I would like the lines below, from the one with "De woonkamer is" through the one with "受不同户型的限制,在规划布局", copied exactly and without any pictures.

Source data:
+++
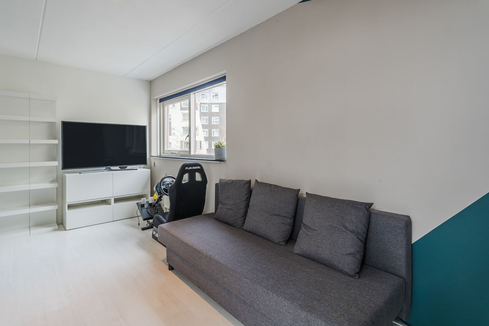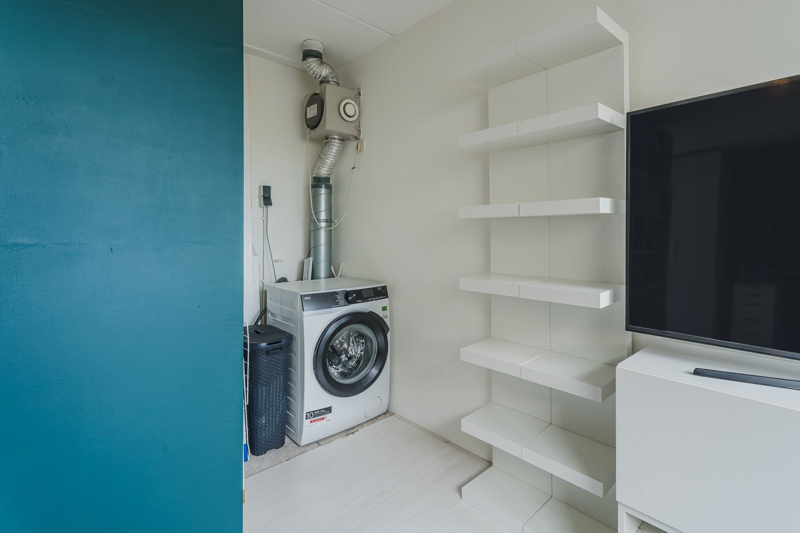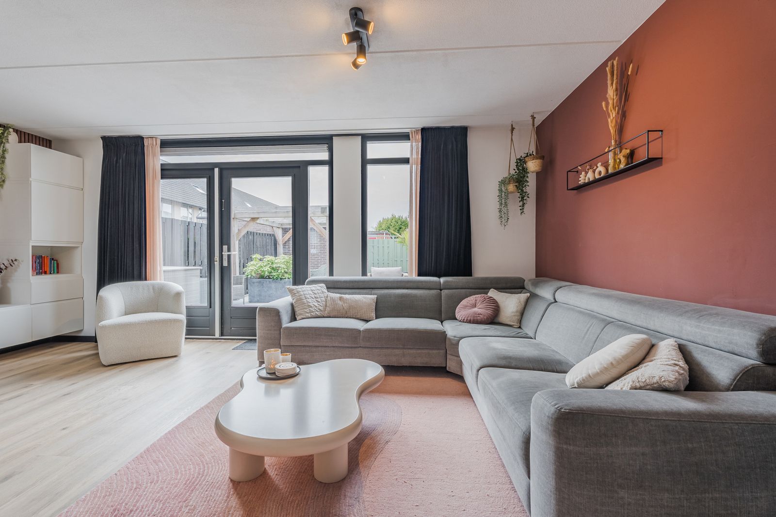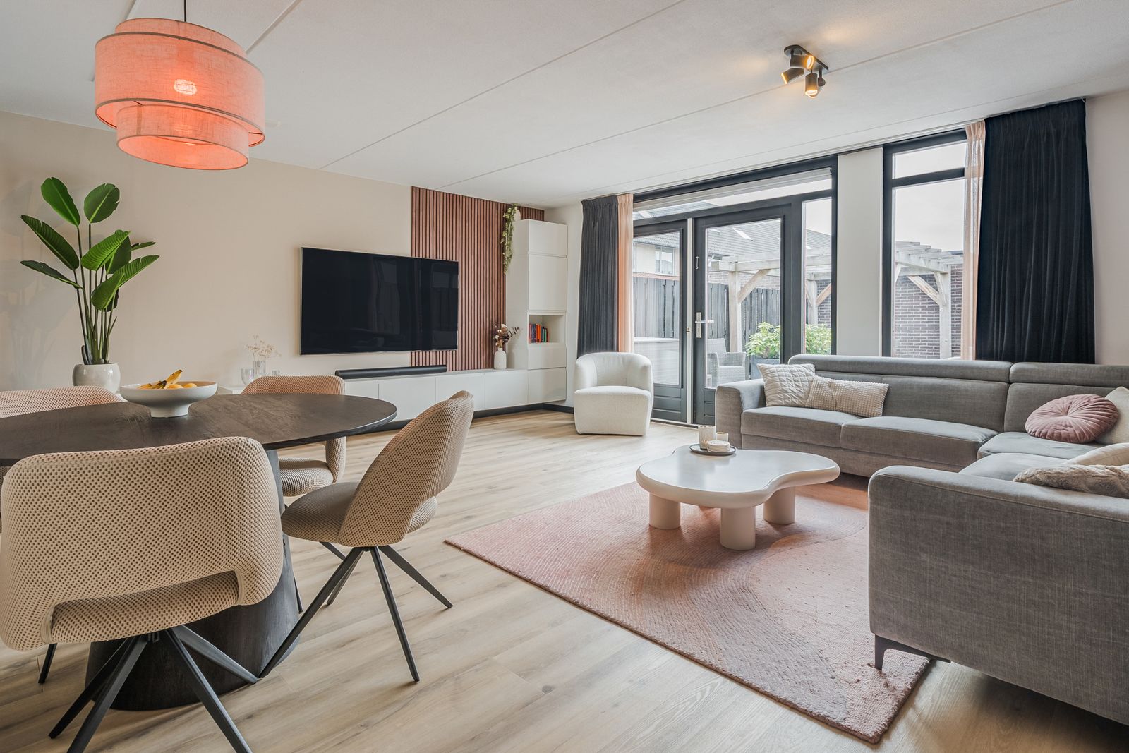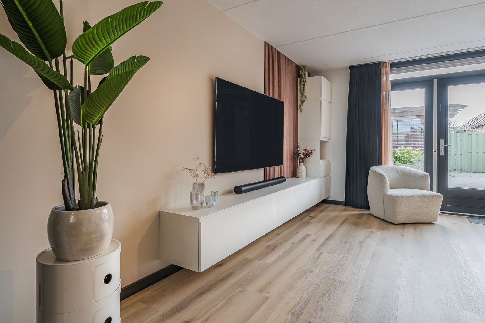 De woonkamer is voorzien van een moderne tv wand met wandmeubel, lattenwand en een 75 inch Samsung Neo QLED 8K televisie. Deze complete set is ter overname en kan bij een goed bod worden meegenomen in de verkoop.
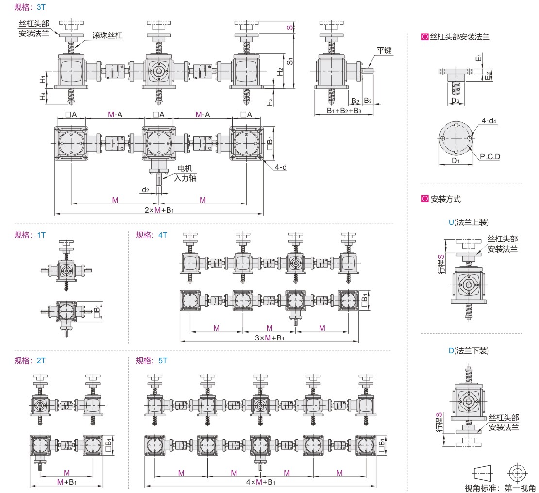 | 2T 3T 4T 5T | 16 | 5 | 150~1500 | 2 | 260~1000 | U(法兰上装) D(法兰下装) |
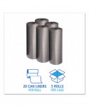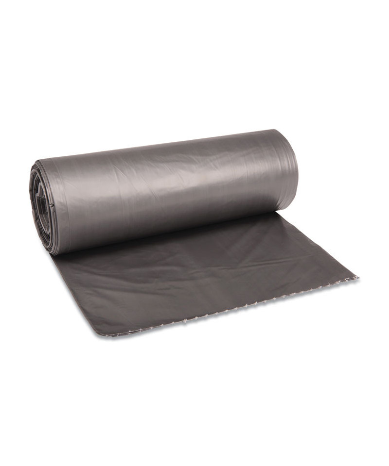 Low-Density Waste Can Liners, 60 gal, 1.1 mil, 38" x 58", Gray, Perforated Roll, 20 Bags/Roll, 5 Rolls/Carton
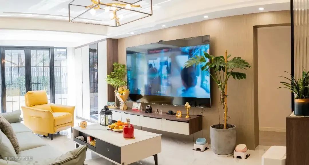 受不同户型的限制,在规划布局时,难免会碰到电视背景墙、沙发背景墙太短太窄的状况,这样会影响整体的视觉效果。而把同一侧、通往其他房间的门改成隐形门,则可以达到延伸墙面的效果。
+++
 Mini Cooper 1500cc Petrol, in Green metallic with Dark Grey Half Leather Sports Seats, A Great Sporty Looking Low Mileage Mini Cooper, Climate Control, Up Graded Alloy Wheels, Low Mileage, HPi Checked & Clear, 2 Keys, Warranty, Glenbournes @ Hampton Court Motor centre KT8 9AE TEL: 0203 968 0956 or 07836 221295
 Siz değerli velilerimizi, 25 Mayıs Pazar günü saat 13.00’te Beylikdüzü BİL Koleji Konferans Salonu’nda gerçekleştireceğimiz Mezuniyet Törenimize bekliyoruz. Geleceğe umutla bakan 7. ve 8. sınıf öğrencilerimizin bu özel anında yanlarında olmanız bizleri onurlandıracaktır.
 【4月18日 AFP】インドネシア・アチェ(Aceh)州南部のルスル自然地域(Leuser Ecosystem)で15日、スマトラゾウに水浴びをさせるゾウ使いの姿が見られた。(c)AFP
+++
Task solution:
 De woonkamer is voorzien van een moderne tv wand met wandmeubel, lattenwand en een 75 inch Samsung Neo QLED 8K televisie. Deze complete set is ter overname en kan bij een goed bod worden meegenomen in de verkoop.
 | 2T 3T 4T 5T | 16 | 5 | 150~1500 | 2 | 260~1000 | U(法兰上装) D(法兰下装) |
 Low-Density Waste Can Liners, 60 gal, 1.1 mil, 38" x 58", Gray, Perforated Roll, 20 Bags/Roll, 5 Rolls/Carton
 受不同户型的限制,在规划布局时,难免会碰到电视背景墙、沙发背景墙太短太窄的状况,这样会影响整体的视觉效果。而把同一侧、通往其他房间的门改成隐形门,则可以达到延伸墙面的效果。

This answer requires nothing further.